Depois de algum tempo, Ana se levantou e sentou na cama, pegou o celular e viu que tinha uma mensagem de Dina no Whatsapp. Há mais de um mês que elas não se falavam. A mensagem tinha um emoji de carinha sorrindo e a pergunta “Como vai você?”. 

A mensagem de Dina era um nada, uma besteira, uma pergunta ocasional, feita todos os dias, várias vezes ao dia, por várias pessoas ao redor do mundo. Mas naquele exato momento, ela tinha o peso das mil coisas que Ana deixou de lado para tentar ser alguém que ela nem sabia quem era.

E ela voltou a chorar, mais e mais. Viu o quanto estava péssima. E como se alguém tivesse soprado uma ideia no seu ouvido, uma vontade súbita de ver fotos antigas lhe ocorreu. Ela deixou o celular de lado e pegou o álbum de fotografias. 

Ana com três anos com o Sapeca, ela morrendo de rir enquanto ele lambia seu rosto e balançava o rabo. Ana sentada numa cadeirinha de bebê com o rosto todo sujo de chocolate, de olhos fechados e boca aberta mostrando os dentinhos separados, tão lindos! Por que mesmo que ela não gostava deles? 

Ana chorando na frente da escola em seu primeiro dia de aula, sua mãe a consolando. Em outra foto, as duas novamente, sentadas no piso de madeira em um canto da sala antiga da sua avó. Sua mãe era tão dedicada, ela merecia saber disso, por que ninguém nunca falava isso para ela? 

Seu pai pondo um churrasco na mesa, coberta com uma toalha de plástico estampada de flores, enquanto ela e os primos esperavam famintos. Ana tomando banho de mangueira só de calcinha no quintal. 

E ali, assim, olhando de longe, em perspectiva, tudo parecia tão certo e tão bom e aconchegante e quente e real, firme. Ana encontrou sentido em tudo, e nenhuma falta era mais falta, e nenhuma reclamação valia mais a pena, todos os seus desejos e a loucura por uma vida que ela nem sabia se realmente queria, esses sim, se tornaram pequenos e medíocres diante da vida que ela tinha, que ela já teve.

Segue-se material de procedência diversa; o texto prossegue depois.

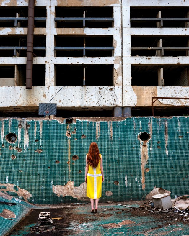 총알과 파편 자국이 남아 있는 텅 빈 수영장에 서 있는 페트라(Petra)의 초상은 내 개인적 기억과도 얽혀 있다. 내전 당시 우리 집 아파트에서 홀리데이 인 호텔이 포격당하는 장면을 지켜보곤 했다. 커튼에서 시작된 불이 도미노처럼 번져 28층짜리 건물 전체를 삼키던 장면이 아직도 기억속에 또렷히 남아 있다. 그 건물은 지금도 복원되지 않은 채 도시에 덩그러니 서 있다. 그 거대한 폐허 앞에 선 페트라는 한없이 연약하고 작아 보인다.

E uma estranha percepção se abateu sobre Ana naquele quarto, a de que a sua vida não poderia ser medida pelo momento que ela vivia agora, mas pelo todo, era o todo que fazia sentido.

Ela se levantou, tomou um banho, foi à cozinha e fez brigadeiro. Voltou para o quarto, ligou a TV em um programa ruim, desses que passam de madrugada, e deitou na cama comendo o doce. Ana riu da mulher na TV, ela fazia um merchand de vitamina para os ossos. Pegou o celular e viu a mensagem de Dina. Resolveu responder: estou mudando.